» To do
Go through the listing below and repeat it exactly, omitting each picture.

» Dataset excerpt
★ ★ ★
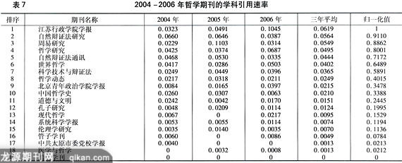 在本学科论文引用次数上,三年平均值排在前两位的依旧是《自然辩证法研究》和《哲学研究》,两期刊三年平均值均超过100次,3至7位为《自然辩证法通讯》、《科学技术与辩证法》、《江苏行政学院学报》、《世界哲学》和《哲学动态》,与前两个指标反映结果基本相同。从2004-2006年的变化情况来看,本学科引用次数增加值较多的为《哲学研究》和《江苏行政学院学报》,分别增加56次和44次,增加幅度上也是这两个期刊增加较大,说明这两个期刊在哲学学科内的影响力不断加大。
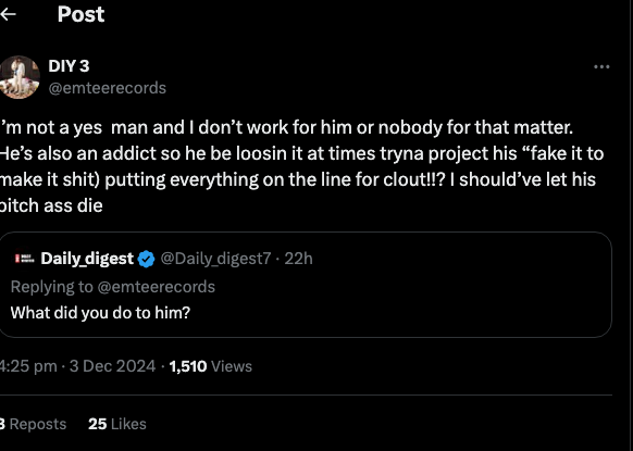 In a Twitter rant, Emtee expressed his frustration and disbelief over the situation, calling out J Molley for being βobsessedβ and a βgangster wannabe.β He continued to vent his anger, accusing Molley of poor decision-making and blaming him for his financial losses. Emtee’s frustration was palpable, as he further stated that he could handle a physical altercation if it came to that, making it clear that he was done with Molleyβs behavior.
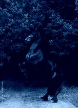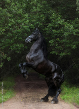 Beautiful black wild horse rearing up in nature background
★ ★ ★
» Expected answer
 在本学科论文引用次数上,三年平均值排在前两位的依旧是《自然辩证法研究》和《哲学研究》,两期刊三年平均值均超过100次,3至7位为《自然辩证法通讯》、《科学技术与辩证法》、《江苏行政学院学报》、《世界哲学》和《哲学动态》,与前两个指标反映结果基本相同。从2004-2006年的变化情况来看,本学科引用次数增加值较多的为《哲学研究》和《江苏行政学院学报》,分别增加56次和44次,增加幅度上也是这两个期刊增加较大,说明这两个期刊在哲学学科内的影响力不断加大。
 In a Twitter rant, Emtee expressed his frustration and disbelief over the situation, calling out J Molley for being βobsessedβ and a βgangster wannabe.β He continued to vent his anger, accusing Molley of poor decision-making and blaming him for his financial losses. Emtee’s frustration was palpable, as he further stated that he could handle a physical altercation if it came to that, making it clear that he was done with Molleyβs behavior.
 Beautiful black wild horse rearing up in nature background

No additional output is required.